Problem statement: Everything in the listing below should be written out again exactly, except the pictures.

Information provided:
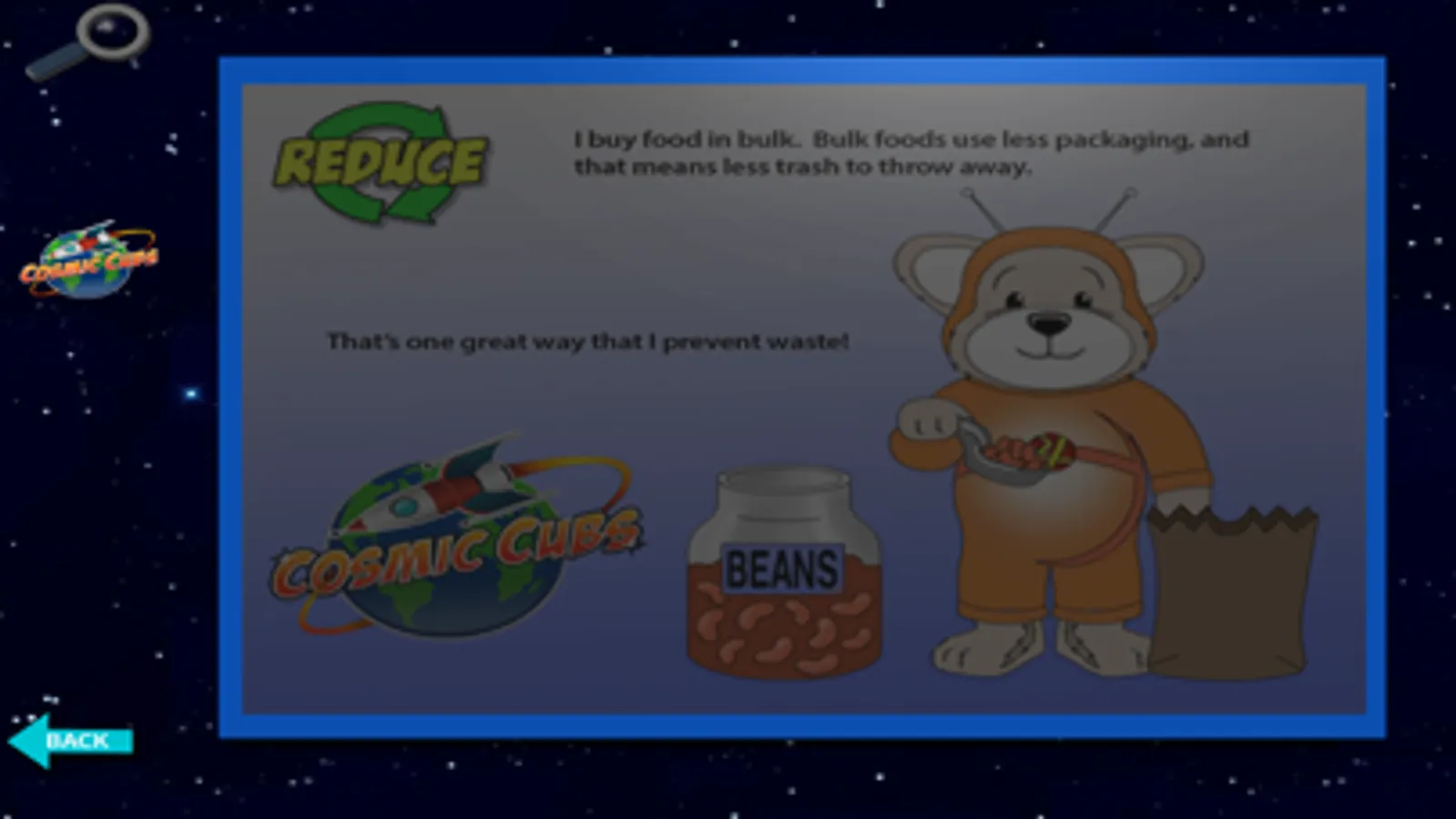 Join the Cosmic Cubs to learn about the 3 R's ( Reduce, Reuse and Recycle ) while having fun !
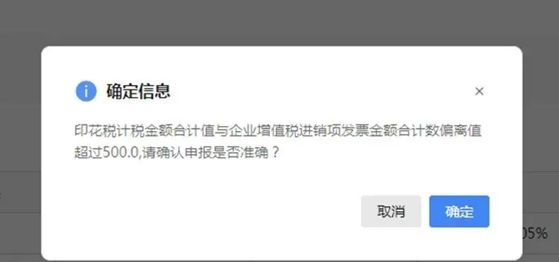 “印花税计税金额合计值与企业增值税进销项发票金额合计数偏离值超过500,请确认申报是否准确?”
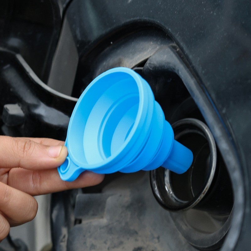 กรวยป้องกันน้ํากระเซ็นน้ํามันเบนซิน-แบบพกพาพับได้-เครื่องมือเปลี่ยนน้ํามันยานพาหนะ-เครื่องยนต์รถช่องทางเติมน้ํามันแบบยืดไสลด์-ช่องทางของเหลวซิลิโคนขนาดใ
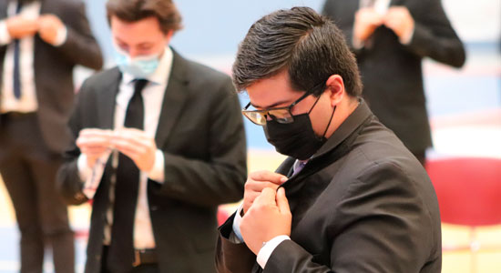 Adicionalmente, la Vicerrectora Académica dirigió la Imposición de la Insignia Institucional, les pidió que la colocaran cerca del corazón, pues es una manera de llevar las cualidades y virtudes del Lasallismo consigo; les explicó el significado de la misma y los exhortó a fomentar los valores que nos caracterizan como Lasallistas de Fe, Fraternidad y Servicio; este es un acto breve pero muy significativo para quienes sienten el orgullo de pertenecer a nuestra Institución. El distintivo en color plata conformado por 3 cheurones entrelazados en forma circular y dotados de movimiento, representan los 3 siglos del Lasallismo y sus valores.

Your solution:
 Join the Cosmic Cubs to learn about the 3 R's ( Reduce, Reuse and Recycle ) while having fun !
 “印花税计税金额合计值与企业增值税进销项发票金额合计数偏离值超过500,请确认申报是否准确?”
 กรวยป้องกันน้ํากระเซ็นน้ํามันเบนซิน-แบบพกพาพับได้-เครื่องมือเปลี่ยนน้ํามันยานพาหนะ-เครื่องยนต์รถช่องทางเติมน้ํามันแบบยืดไสลด์-ช่องทางของเหลวซิลิโคนขนาดใ
 Adicionalmente, la Vicerrectora Académica dirigió la Imposición de la Insignia Institucional, les pidió que la colocaran cerca del corazón, pues es una manera de llevar las cualidades y virtudes del Lasallismo consigo; les explicó el significado de la misma y los exhortó a fomentar los valores que nos caracterizan como Lasallistas de Fe, Fraternidad y Servicio; este es un acto breve pero muy significativo para quienes sienten el orgullo de pertenecer a nuestra Institución. El distintivo en color plata conformado por 3 cheurones entrelazados en forma circular y dotados de movimiento, representan los 3 siglos del Lasallismo y sus valores.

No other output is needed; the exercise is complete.